Researchers at the New York Genome Center (NYGC) and Columbia University have uncovered a molecular mechanism behind one of biology's long-standing mysteries: why individuals carrying identical gene mutations for a disease end up having varying severity or symptoms of the disease
In this widely acknowledged but not well-understood phenomenon, called variable penetrance, the severity of the effect of disease-causing variants differs among individuals who carry them.

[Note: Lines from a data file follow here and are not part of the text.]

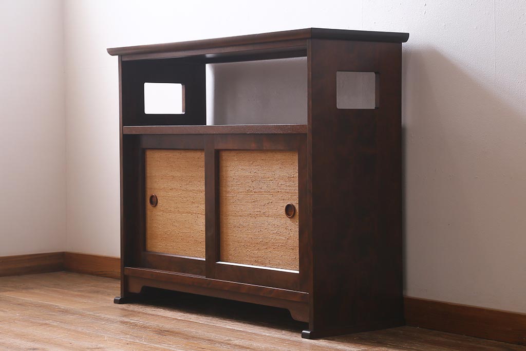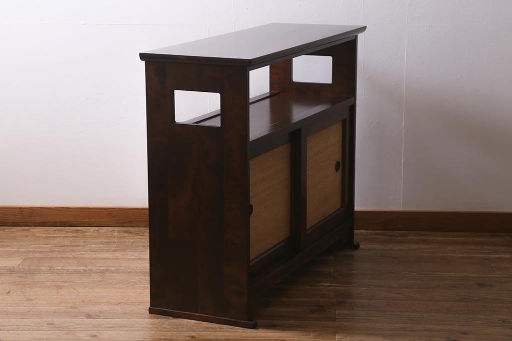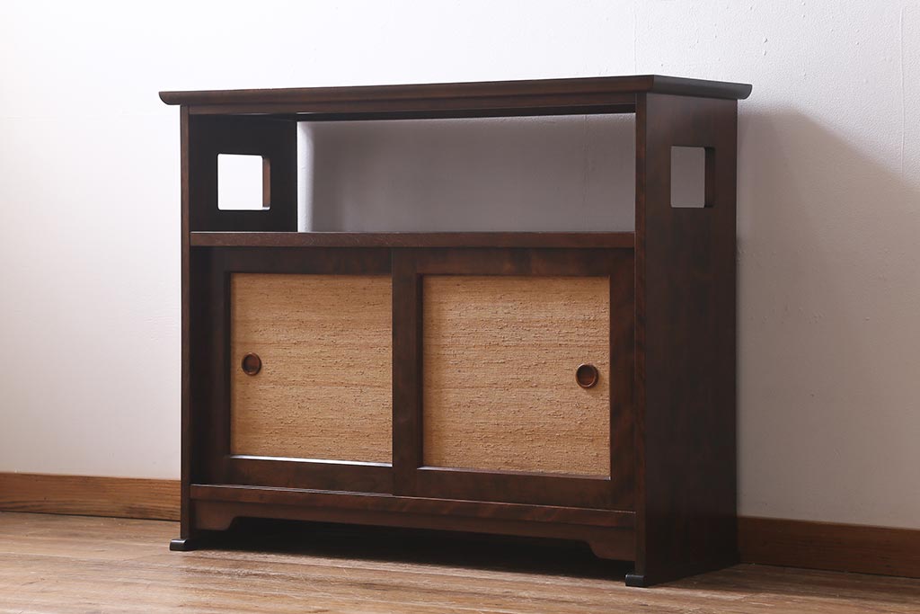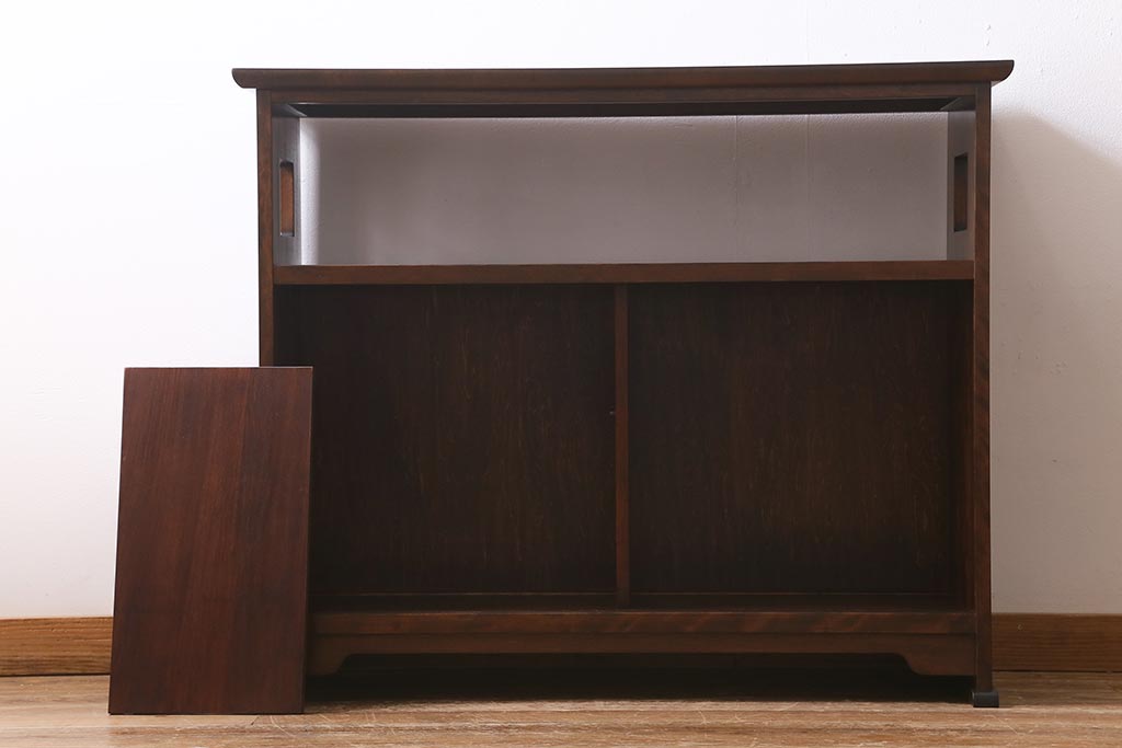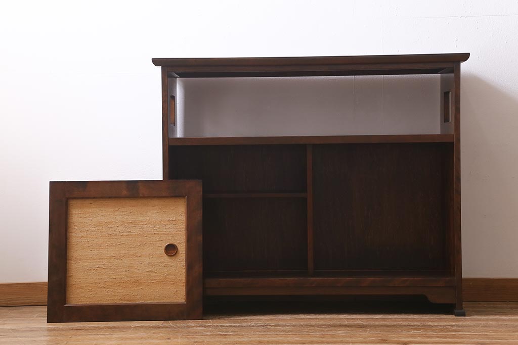 中古 九州民芸家具 すっきりとしたデザインで落ち着きのある飾り棚(収納棚、茶棚)(R-039934)
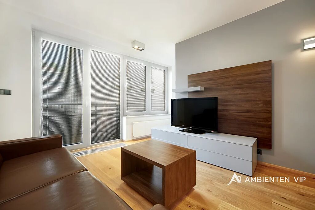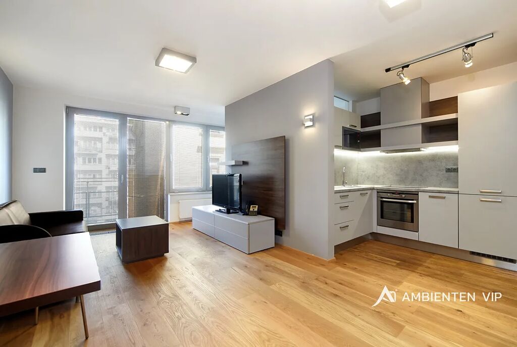 Vybavení bytu: moderní kuchyňská linka na míru s veškerými spotřebiči (varná deska, trouba, digestoř, mikrovlnná trouba, chladnička, myčka nádobí), pračka, vestavěné skříně, postel, obývací stěna, televizor, sedací souprava, konferenční stolek, světla, dřevěné dveře a podlahy.
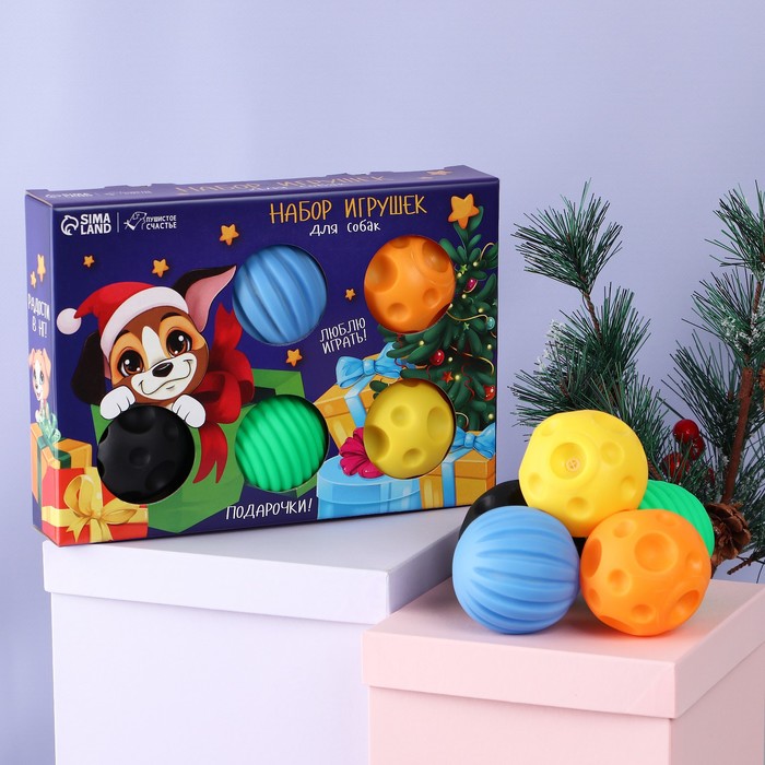 Набор мячей для собак «Подарочки!», 5 мячей

Reporting in the August 20 issue of Nature Genetics, the researchers provide evidence for modified penetrance, in which genetic variants that regulate gene activity modify the disease risk caused by protein-coding gene variants.
The study links modified penetrance to specific diseases at the genome-wide level, which has exciting implications for future prediction of the severity of serious diseases such as cancer and autism spectrum disorder.
Severity of diseases
"Our findings suggest that a person's disease risk is potentially determined by a combination of their regulatory and coding variants, and not just one or the other," Dr. Lappalainen said.
"Most previous studies have focused on either looking for coding variants or regulatory variants that affect disease in these individuals or potentially looking at common variants that could affect disease. We have merged these two fields into one clear hypothesis that uses data from both of them, which was fairly unheard of before."
Variable penetrance has long posed a challenge for predicting the severity of a disease, even for diseases with a strong genetic association. Dr. Lappalainen and colleagues developed the modified penetrance hypothesis from their interest in the idea that gene variants that regulate the activation of genes could also play a role in modifying the penetrance of coding variants for the same gene.
As a first test of the modified penetrance hypothesis, the researchers conducted an analysis of data from the Genotype-Tissue Expression (GTEx) project, a large catalog of genetic variants that affect gene expression in humans, to evaluate the interactions of regulatory and coding variants in a human population without severe genetic diseases.
They found an enrichment of combinations of regulatory and coding variants, called haplotypes, that act as protection against disease by decreasing the penetrance of coding variants associated with disease development. This finding was expected in the general population, Dr. Castel explained, as a result of natural selection removing damaging gene variants from the genome over time.
To test their hypothesis in a disease-specific population of patients, the researchers analyzed data from the National Institutes of Health's The Cancer Genome Atlas (TCGA) and the Simons Simplex Collection, a permanent repository of genetic samples from 2,600 families, each of which has one child affected with an autism spectrum disorder, and unaffected parents and siblings.
In the cancer patients and individuals with autism, they found an enrichment of haplotypes predicted to increase the penetrance of coding variants associated with cancer and autism spectrum disorder, respectively.
Finally, they designed an experiment using CRISPR/Cas9 genome editing technology to test the modified penetrance hypothesis with a coding variant that is known to be associated with a disease.
They chose a coding variant associated with Birt-Hogg-Dubé Syndrome, a rare hereditary disease that increases the risk of certain types of tumors. They edited the SNP into a cell line on different haplotypes with a regulatory variant.
The researchers were able to show that the regulatory variant indeed modified the effect of the coding disease-causing variant, consistent with expectations based on the large-scale data collections. This finding provides an important framework for scientists moving forward to experimentally test specific disease SNPs to determine if they could be affected by modified penetrance.
"Now that we have demonstrated a mechanism for modified penetrance, the long-term goal of the research is the better prediction of whether an individual is going to have a disease using their genetic data by integrating the regulatory and coding variants," Dr. Lappalainen said.
"In future, studies of the genetic causes of severe diseases should take into account this idea that regulatory variants need to be considered alongside coding variants," Dr. Castel said. "This should eventually lead to a more fine-grained understanding of the risk of coding variants associated with a disease."